## Problem statement:
Each and every line below goes into your answer unchanged, but leave out the images.

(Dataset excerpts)
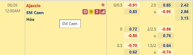 Bước vào trận đấu đêm nay, sàn giao dịch châu Á ghi nhận mức kèo Ajaccio chấp 0:1/4. Đây là tỷ lệ đã xuất hiện ở trận sân nhà gần nhất của họ, khi đánh bại Amiens 3-1. Ngoài ra, trận sân nhà gần nhất tiếp đón Auxerre mùa trước, Ajaccio cũng là đội giành chiến thắng. Trong bối cảnh Caen để thua 5/6 trận xa nhà gần đây, Ajaccio rõ ràng đang có cơ hội lớn tìm kiếm thắng lợi.
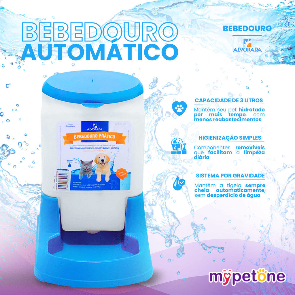 Bebedouro Prático Alvorada Pet 3 Litros Garanta água fresca e disponível por muito mais tempo com o Bebedouro Prático Alvorada pet 3 Litros. Ideal para cães e gatos de todos os portes, ele oferece praticidade, economia e bem-estar para o seu pet — mesmo nos dias mais quentes ou quando você estiver fora por algumas horas. Fabricado com materiais resistentes e duráveis, o Bebedouro Alvorada possui sistema de abastecimento por gravidade, garantindo fluxo contínuo de água, sempre que o pet precisar. Por que escolher o Bebedouro Alvorada Pet 3 Litros: - Capacidade de 3 Litros: Ideal para manter seu pet hidratado por muito mais tempo, com menos necessidade de reabastecimento - Sistema por Gravidade: Mantém a tigela sempre abastecida automaticamente, sem desperdício - Base Estável e Segura: Evita tombamentos, mesmo com pets agitados - Fácil de Higienizar: Componentes removíveis que facilitam a limpeza diária- Transparente e Funcional: Permite acompanhar o nível da água com facilidade Especificações Técnicas: - Capacidade: 3 Litros - Cores: Preto, Azul, Vermelho. Rosa Dimensões Aproximadas: - Altura: 22,5 cm - Base: 27 cm Material: - Reservatório em plástico translúcido de alta resistência - Base em polipropileno atóxico e livre de BPA Com o Bebedouro Prático Alvorada pet 3L, seu pet se mantém sempre hidratado com muito mais autonomia e praticidade para você. Uma escolha inteligente para o dia a dia!
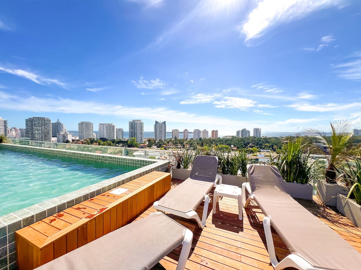 Moderno apartamento para 2 personas totalmente equipado con espectacular vista al mar y la península con 2 balcones, situado a cuadras del centro y de las playas mansa & brava. Incluye el uso de cochera propia, amenities de alta categoría como piscina interna y externa, sauna, gimnasio, business lounge y recepción atendida 24h. Ideal para relajarse y disfrutar de Punta del Este durante todo el año o combinar descanso y trabajo ya que dispone de una conexión rápida de internet (200 Mbps).
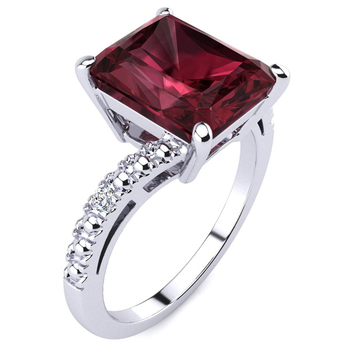 4ct Octagon Garnet and Diamond Ring in 10k White Gold
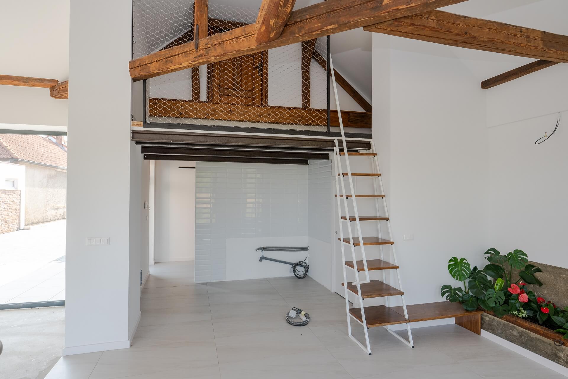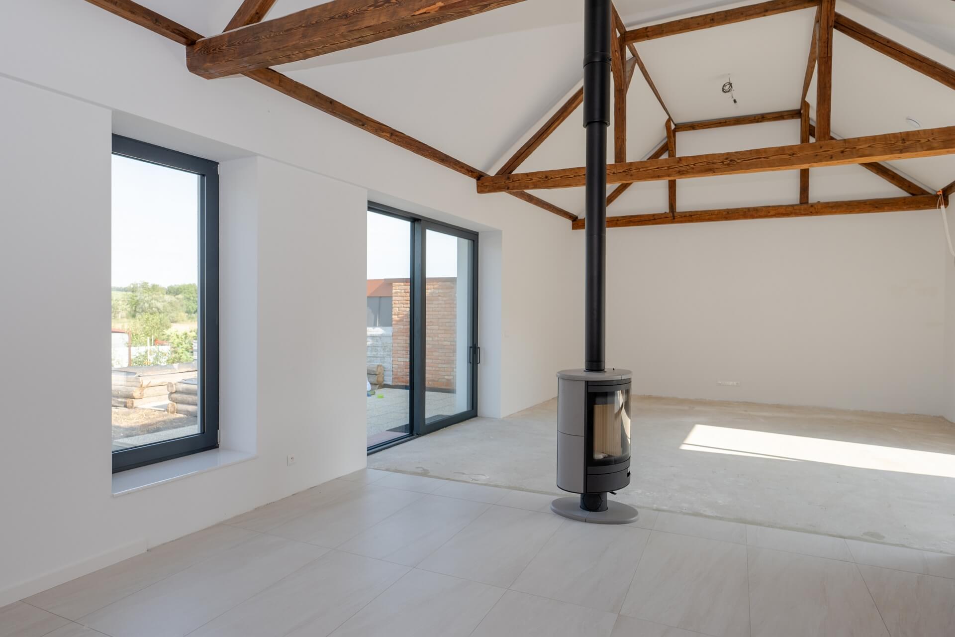 Z hľadiska konštrukčného je dom bezbarierový, jednopodlažný, bez obytného podkrovia s galériou pre pracovňu a podkrovným priestorom pre všetky technologické prvky domu. RD má výhradne obytnú funkciu. V časti pre jedáleň je zhotovený kvetináč vysadený izbovými kvetmi. V strede obývacieho priestoru je osadený otočný krb, ktorého vizuálne efekty môžu byť vnímané zo všetkých denných častí domu, podľa toho, kde práve trávite čas. Pre výstup na galériu sú zrealizované schody mlynárskeho typu , zároveň slúžiace ako poličky kuchyne. Pre výstup na terasu sú použité veľké hliníkové posuvné dvere s bezbarierovým prechodom posuvno-zdvižným systémom. Celý interiér je zhotovený s SDK dosák a dreva v kombinácii s oceľou čo vytvára príjemnú pohodu a ucelený vzhľad.
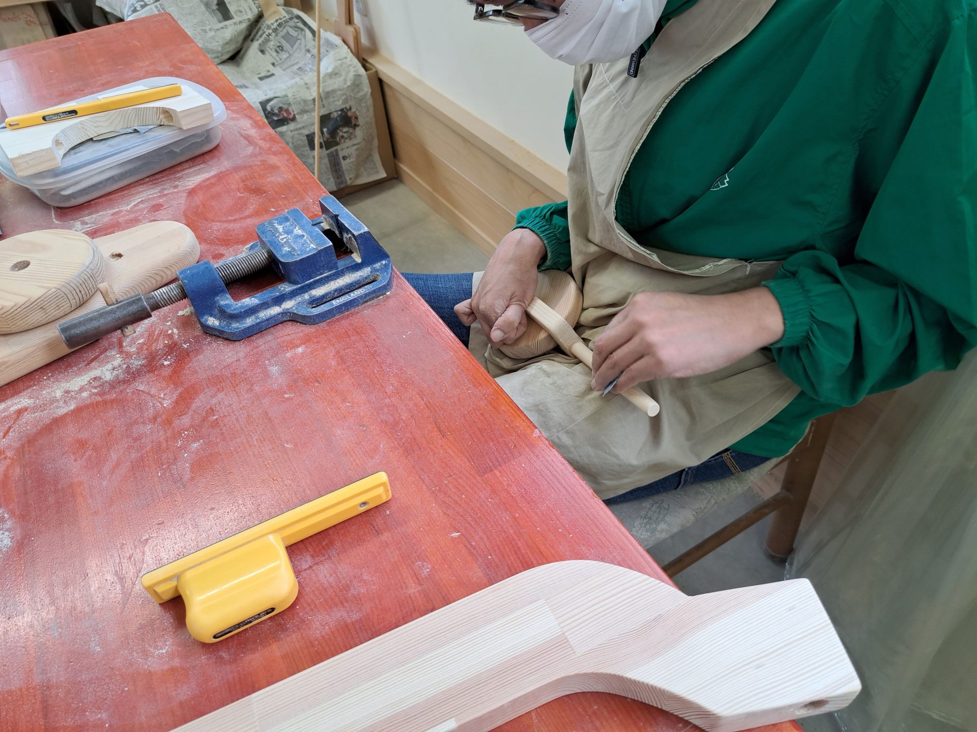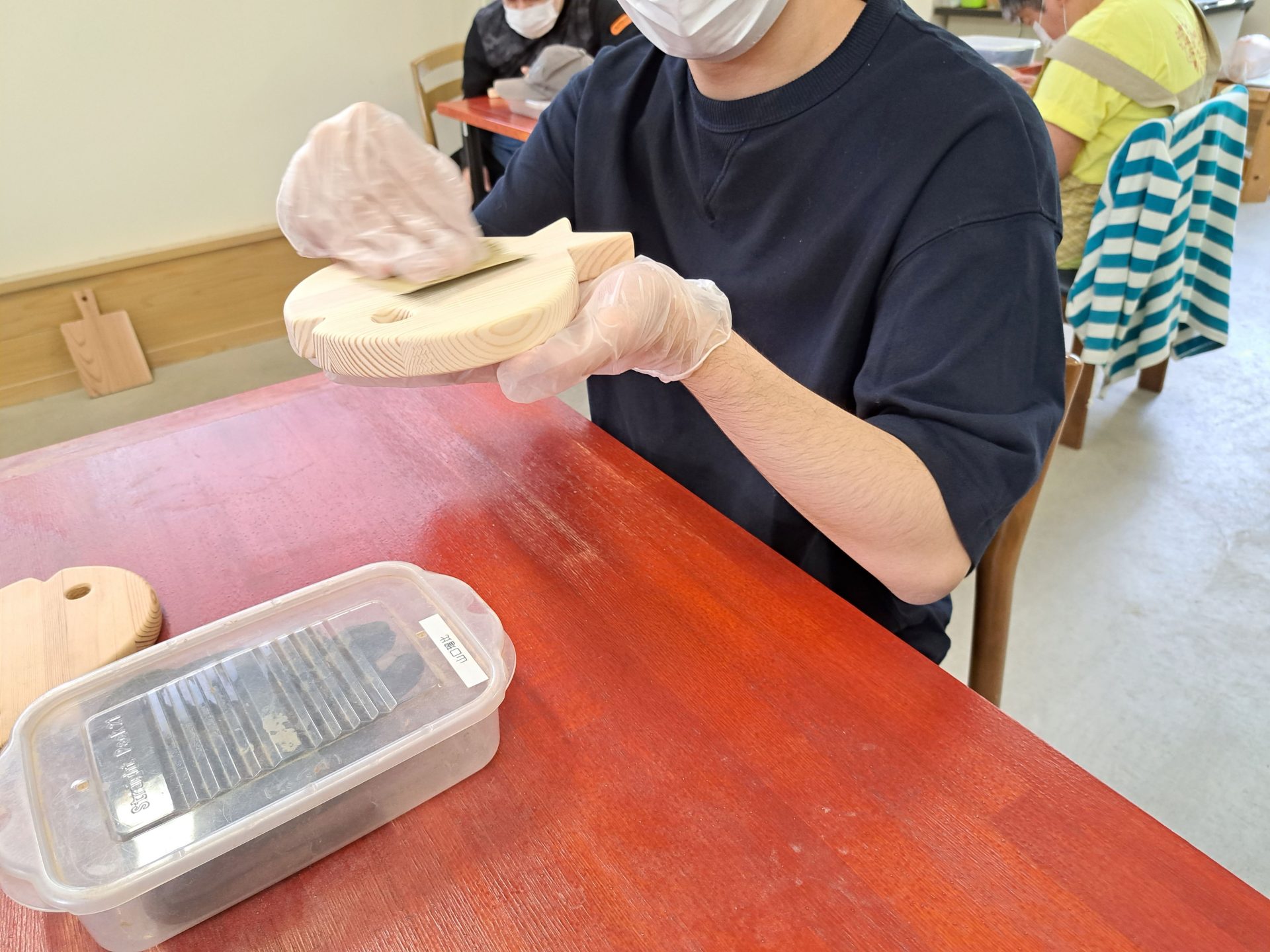 - 木工棟ではヤスリがけ真っ最中~♪
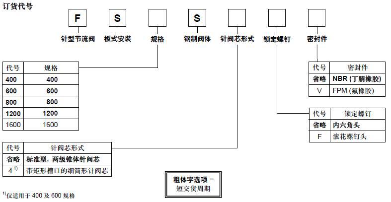 FS 系列管式单向节流阀带有微调功能,可实现在规定流向上的流量调节,而在相反流向上液流可自由流动。该系列阀的针阀芯带有两级锥体,在调节旋柄的前3 圈内,可对小流量作非常精确的调节,后3 圈则为常规的流量调节,直至阀口完全开启。阀的调定位置可用锁定螺钉固定。
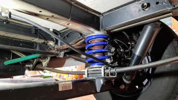 Hallo Joachim, das Fahrzeug habe ich mit dem Original Wagenheber angehoben. Ging besser als gedacht danach das Fahrzeug unbedingt mit Stellböcken, Vorlegekeile und Holzbohlen absichern. Wenn du den langen Gummidämpfer hast, ist ein Einfädeln der Spiralfeder nicht möglich, auch wenn sie vorgespannt ist. Dèr Einbau ist dann nur möglich ,wenn die Blattfeder hinten ausgehängt wird und das Fz noch höher angehoben wird. Achte auf die Bremsleitung.
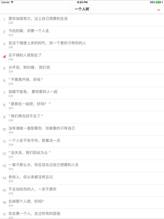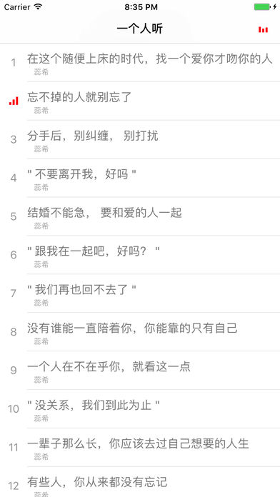 我是蕊希,素未谋面,谢谢你,愿意听我。 你知道么?在我们生活的这个星球上,有几十亿个人,此刻,像我们这样的两个人,相识的机会只有千万分之五。 所以,如果我在节目里说过的任何一句话,我在这里分享的任何一段字句,让你内心某个最柔软的地方被触动过。 那我想,至少说明,在已经过去了的日子里,我们经历过相似的事情,有过相同的感悟。 最后,谢谢你愿意陪着我,谢谢你,喜欢听我说话。如果有一天,你取消关注了,请记得我们曾经爱过。

## Result for this exercise:
 Bước vào trận đấu đêm nay, sàn giao dịch châu Á ghi nhận mức kèo Ajaccio chấp 0:1/4. Đây là tỷ lệ đã xuất hiện ở trận sân nhà gần nhất của họ, khi đánh bại Amiens 3-1. Ngoài ra, trận sân nhà gần nhất tiếp đón Auxerre mùa trước, Ajaccio cũng là đội giành chiến thắng. Trong bối cảnh Caen để thua 5/6 trận xa nhà gần đây, Ajaccio rõ ràng đang có cơ hội lớn tìm kiếm thắng lợi.
 Bebedouro Prático Alvorada Pet 3 Litros Garanta água fresca e disponível por muito mais tempo com o Bebedouro Prático Alvorada pet 3 Litros. Ideal para cães e gatos de todos os portes, ele oferece praticidade, economia e bem-estar para o seu pet — mesmo nos dias mais quentes ou quando você estiver fora por algumas horas. Fabricado com materiais resistentes e duráveis, o Bebedouro Alvorada possui sistema de abastecimento por gravidade, garantindo fluxo contínuo de água, sempre que o pet precisar. Por que escolher o Bebedouro Alvorada Pet 3 Litros: - Capacidade de 3 Litros: Ideal para manter seu pet hidratado por muito mais tempo, com menos necessidade de reabastecimento - Sistema por Gravidade: Mantém a tigela sempre abastecida automaticamente, sem desperdício - Base Estável e Segura: Evita tombamentos, mesmo com pets agitados - Fácil de Higienizar: Componentes removíveis que facilitam a limpeza diária- Transparente e Funcional: Permite acompanhar o nível da água com facilidade Especificações Técnicas: - Capacidade: 3 Litros - Cores: Preto, Azul, Vermelho. Rosa Dimensões Aproximadas: - Altura: 22,5 cm - Base: 27 cm Material: - Reservatório em plástico translúcido de alta resistência - Base em polipropileno atóxico e livre de BPA Com o Bebedouro Prático Alvorada pet 3L, seu pet se mantém sempre hidratado com muito mais autonomia e praticidade para você. Uma escolha inteligente para o dia a dia!
 Moderno apartamento para 2 personas totalmente equipado con espectacular vista al mar y la península con 2 balcones, situado a cuadras del centro y de las playas mansa & brava. Incluye el uso de cochera propia, amenities de alta categoría como piscina interna y externa, sauna, gimnasio, business lounge y recepción atendida 24h. Ideal para relajarse y disfrutar de Punta del Este durante todo el año o combinar descanso y trabajo ya que dispone de una conexión rápida de internet (200 Mbps).
 4ct Octagon Garnet and Diamond Ring in 10k White Gold
 Z hľadiska konštrukčného je dom bezbarierový, jednopodlažný, bez obytného podkrovia s galériou pre pracovňu a podkrovným priestorom pre všetky technologické prvky domu. RD má výhradne obytnú funkciu. V časti pre jedáleň je zhotovený kvetináč vysadený izbovými kvetmi. V strede obývacieho priestoru je osadený otočný krb, ktorého vizuálne efekty môžu byť vnímané zo všetkých denných častí domu, podľa toho, kde práve trávite čas. Pre výstup na galériu sú zrealizované schody mlynárskeho typu , zároveň slúžiace ako poličky kuchyne. Pre výstup na terasu sú použité veľké hliníkové posuvné dvere s bezbarierovým prechodom posuvno-zdvižným systémom. Celý interiér je zhotovený s SDK dosák a dreva v kombinácii s oceľou čo vytvára príjemnú pohodu a ucelený vzhľad.
 - 木工棟ではヤスリがけ真っ最中~♪
 FS 系列管式单向节流阀带有微调功能,可实现在规定流向上的流量调节,而在相反流向上液流可自由流动。该系列阀的针阀芯带有两级锥体,在调节旋柄的前3 圈内,可对小流量作非常精确的调节,后3 圈则为常规的流量调节,直至阀口完全开启。阀的调定位置可用锁定螺钉固定。
 Hallo Joachim, das Fahrzeug habe ich mit dem Original Wagenheber angehoben. Ging besser als gedacht danach das Fahrzeug unbedingt mit Stellböcken, Vorlegekeile und Holzbohlen absichern. Wenn du den langen Gummidämpfer hast, ist ein Einfädeln der Spiralfeder nicht möglich, auch wenn sie vorgespannt ist. Dèr Einbau ist dann nur möglich ,wenn die Blattfeder hinten ausgehängt wird und das Fz noch höher angehoben wird. Achte auf die Bremsleitung.
 我是蕊希,素未谋面,谢谢你,愿意听我。 你知道么?在我们生活的这个星球上,有几十亿个人,此刻,像我们这样的两个人,相识的机会只有千万分之五。 所以,如果我在节目里说过的任何一句话,我在这里分享的任何一段字句,让你内心某个最柔软的地方被触动过。 那我想,至少说明,在已经过去了的日子里,我们经历过相似的事情,有过相同的感悟。 最后,谢谢你愿意陪着我,谢谢你,喜欢听我说话。如果有一天,你取消关注了,请记得我们曾经爱过。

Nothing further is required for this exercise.